The Bars of San Demetrio -- not in the American sense of the word, anyway.
Last evening after class, Barbara and I were sitting outside of Fusion Pub having some beer, and I was facing the piazza. On the main piazza, there are three bars, and I wondered what the difference between them was. At that point, some of our comrades came over, and we were talking about it a bit. In the end, to the observant foreigners, it looks like there are just three bars (Bar Centrale, Bar Lupo, Fusion Pub – there’s also Stilla but it was closed today since it’s Monday) all with old men sitting outside.
Finally, Barbara and I called over one of the guys standing outside of Fusion Pub (site of ever-changing drink prices and culinary miracles including inspirational use of mayonnaise and €1 drafts of beer) and we asked him to sit down so we could ask him the difference between the bars. Here I present what the guy said, there’s no editorializing on my part.
At the far end of the Piazza Monumento is the Circolo Culturale Girolamo de Rada, where the town intelligentsia pays €100 a month to have their own smart-people’s club where they talk and be kind of exclusive. Right next door is Bar Lupo, which is where the pensioners who don’t want to spend any money go. Bar Lupo happens to be the oldest and least-chic (even by San Demetrio standards) so their clientele is limited.
Bar Centrale is where the pensioners who like to play cards go.

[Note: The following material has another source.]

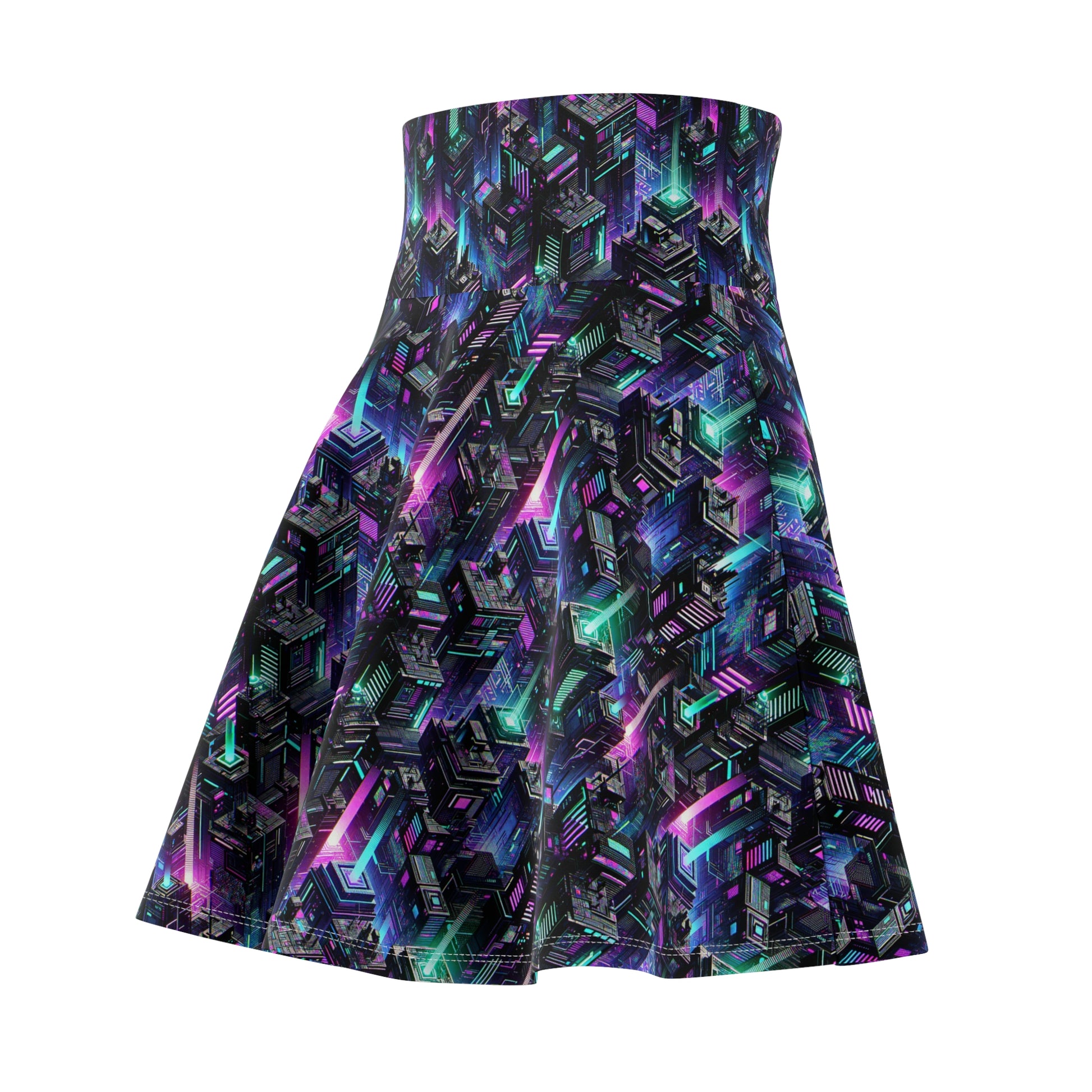 Tech Noir Graphics Futuristic Tech Aesthetics Women's Skater Skirt - 8404 Design-55

Either they are also more comfortable spending money, or there are just more tables inside and outside of the bar. They mostly play scoppa and briscola.
Then, there is Fusion Pub. The gentlemen who explained the whole situation (my informant, anthropologically speaking) to us told us that they were the men who worked all day and spent the most money.
Some final comments. When I initially asked he guy what the differences were between these three groups, he said “siamo tutti uniti” – “we’re all united”. But it’s obvious that that these distinctions exist, and they do not include Bar Fantasma down the hill, Bar 2000 around the corner, Bar Aladdin 2 down the road, and the Bar Pasticceria Gelateria Stilla next to Fusion and across from Bar Centrale. It seems to be that Stilla is perhaps the bar where the most women go, because it is the least trashy and also where they buy pastries on Sundays and eat ice cream after funerals. I would go so far as to say that every Italian town has a bar where it is honorable for women to go.